→ Work task: Write the listing out again word for word, excluding any pictures.

+++ Supplied data

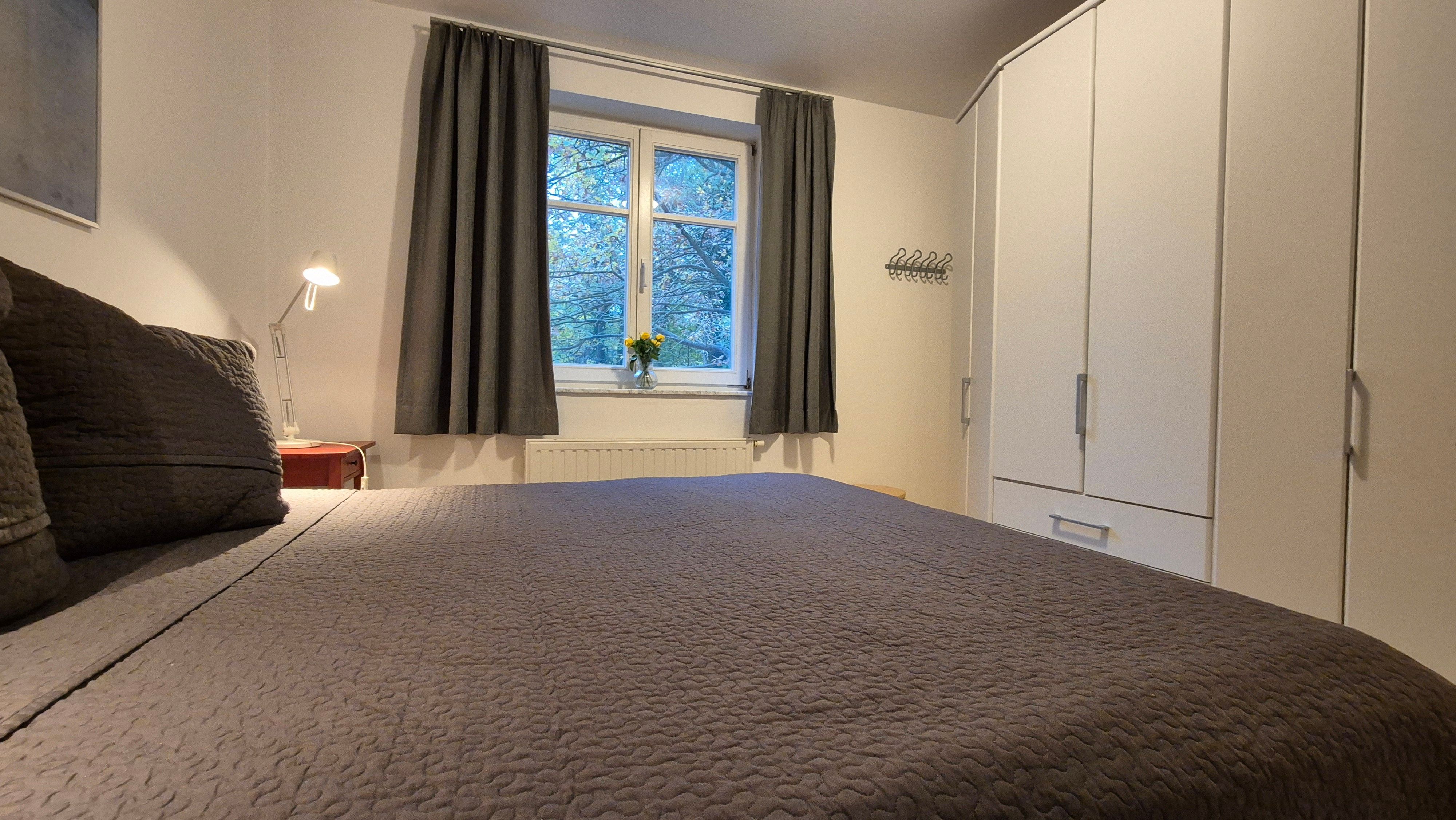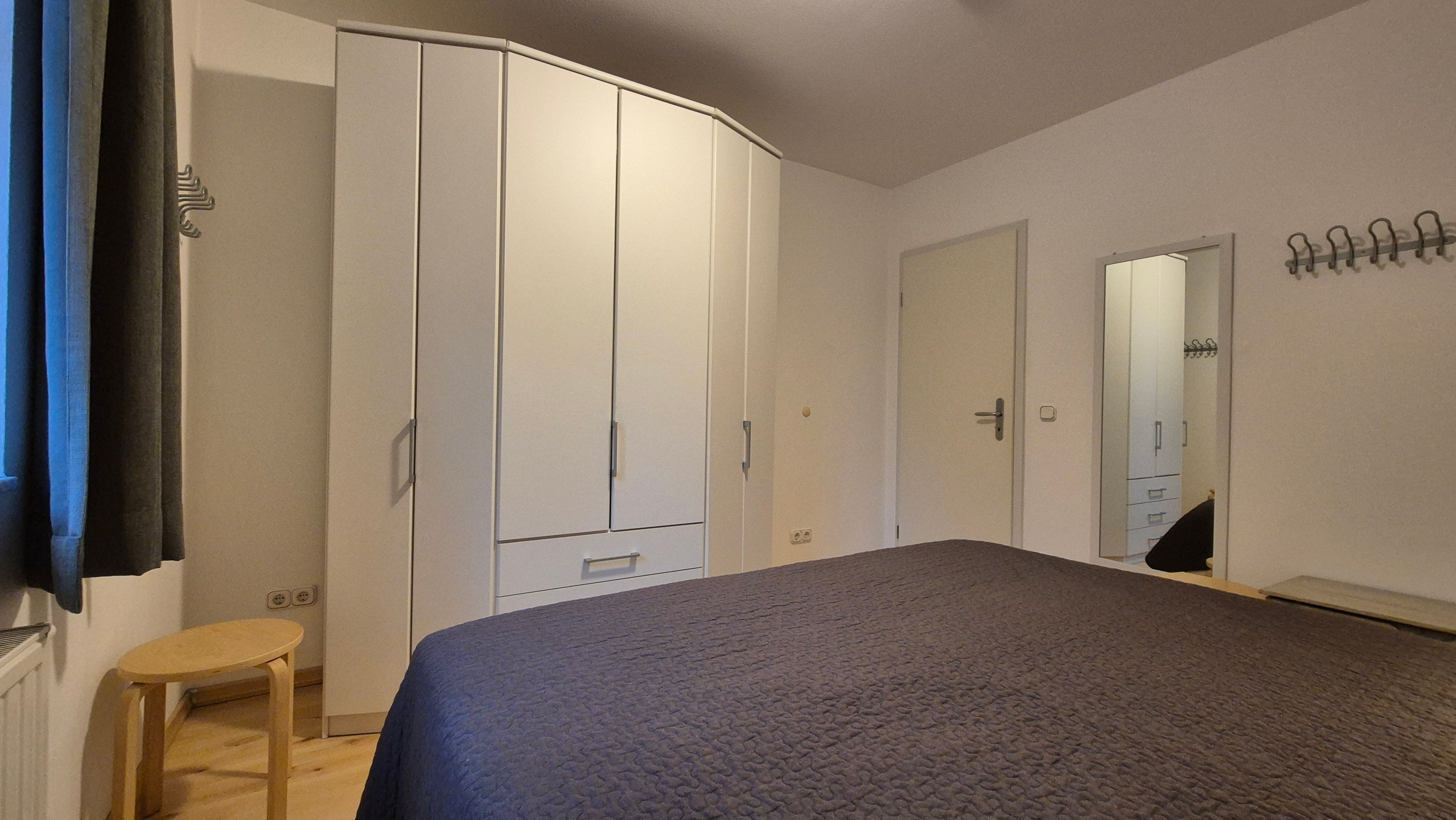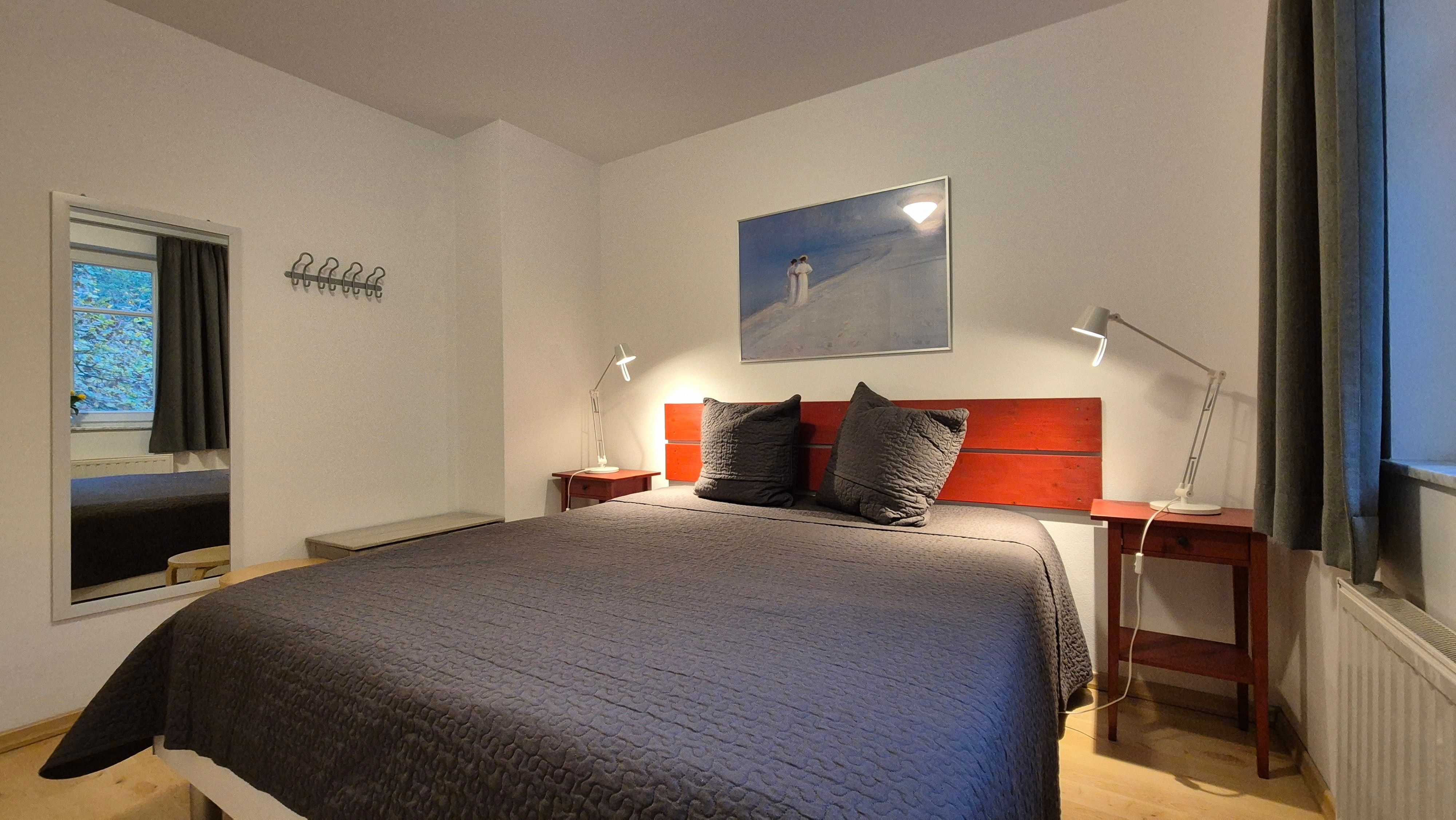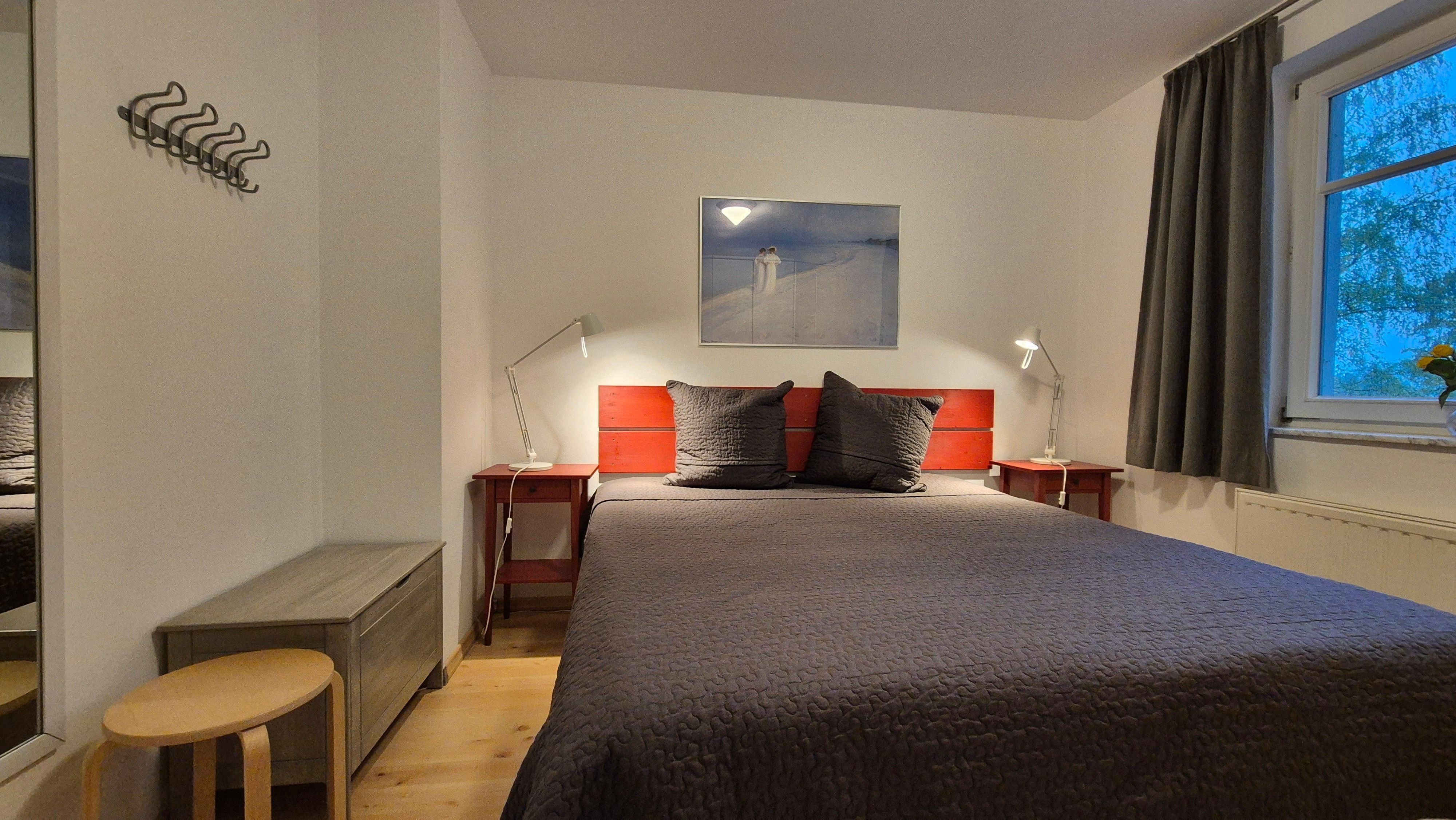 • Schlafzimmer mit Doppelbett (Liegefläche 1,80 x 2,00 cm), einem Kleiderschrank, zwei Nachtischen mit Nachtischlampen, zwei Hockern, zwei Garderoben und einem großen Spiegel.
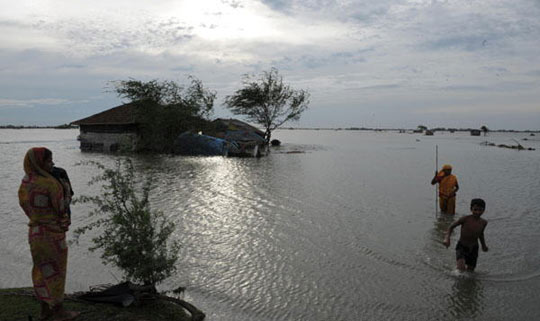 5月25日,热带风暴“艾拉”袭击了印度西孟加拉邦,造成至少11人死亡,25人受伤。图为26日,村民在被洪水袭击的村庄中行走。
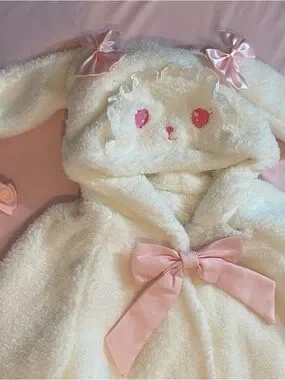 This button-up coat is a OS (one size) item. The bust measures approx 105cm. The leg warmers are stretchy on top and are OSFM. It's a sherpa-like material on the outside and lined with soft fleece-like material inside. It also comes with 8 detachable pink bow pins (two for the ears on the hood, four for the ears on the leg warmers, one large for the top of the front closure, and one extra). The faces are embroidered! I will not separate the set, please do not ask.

++++++

→ Response to the exercise:
 • Schlafzimmer mit Doppelbett (Liegefläche 1,80 x 2,00 cm), einem Kleiderschrank, zwei Nachtischen mit Nachtischlampen, zwei Hockern, zwei Garderoben und einem großen Spiegel.
 5月25日,热带风暴“艾拉”袭击了印度西孟加拉邦,造成至少11人死亡,25人受伤。图为26日,村民在被洪水袭击的村庄中行走。
 This button-up coat is a OS (one size) item. The bust measures approx 105cm. The leg warmers are stretchy on top and are OSFM. It's a sherpa-like material on the outside and lined with soft fleece-like material inside. It also comes with 8 detachable pink bow pins (two for the ears on the hood, four for the ears on the leg warmers, one large for the top of the front closure, and one extra). The faces are embroidered! I will not separate the set, please do not ask.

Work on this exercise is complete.